Only the lines below from the one containing "Vintage sewing inspiration" through the one containing "今日、10月10日は「10」" belong in the answer, set down exactly, with the pictures left out.

Data shown Start Marker

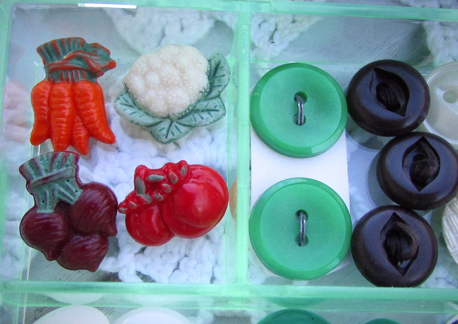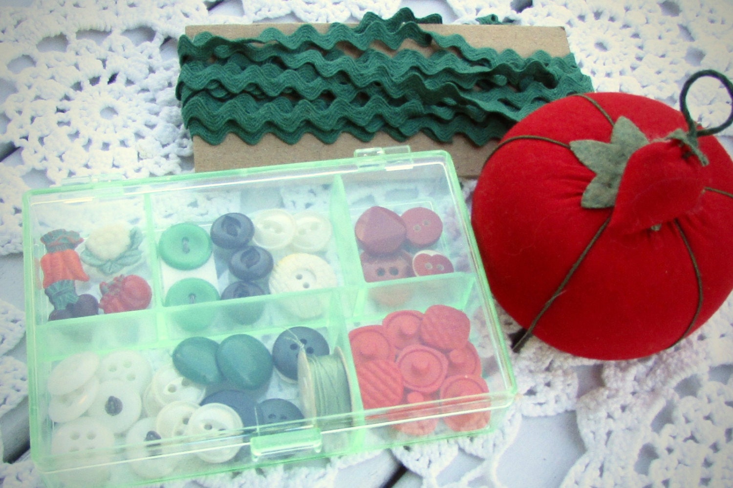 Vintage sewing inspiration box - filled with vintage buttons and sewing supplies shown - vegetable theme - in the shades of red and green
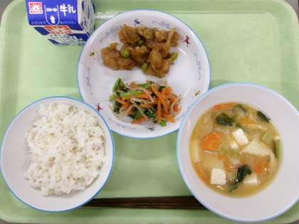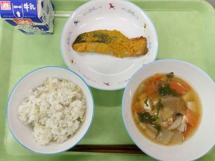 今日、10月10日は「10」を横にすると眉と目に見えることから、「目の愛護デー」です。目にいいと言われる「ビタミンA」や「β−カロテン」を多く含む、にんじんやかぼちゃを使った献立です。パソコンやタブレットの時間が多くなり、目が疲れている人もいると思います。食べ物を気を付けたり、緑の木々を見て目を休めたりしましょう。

Data shown End Marker
Data shown Start Marker

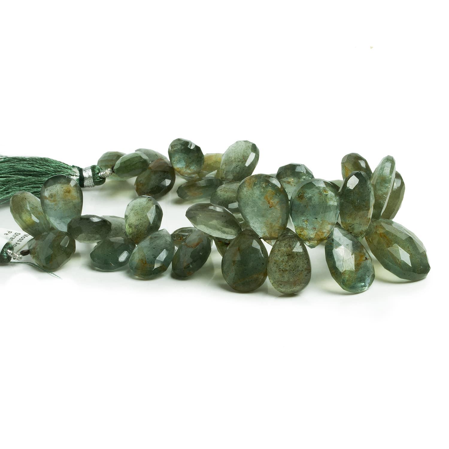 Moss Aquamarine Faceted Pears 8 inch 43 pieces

Data shown End Marker

● **Solution to this task**:
 Vintage sewing inspiration box - filled with vintage buttons and sewing supplies shown - vegetable theme - in the shades of red and green
 今日、10月10日は「10」を横にすると眉と目に見えることから、「目の愛護デー」です。目にいいと言われる「ビタミンA」や「β−カロテン」を多く含む、にんじんやかぼちゃを使った献立です。パソコンやタブレットの時間が多くなり、目が疲れている人もいると思います。食べ物を気を付けたり、緑の木々を見て目を休めたりしましょう。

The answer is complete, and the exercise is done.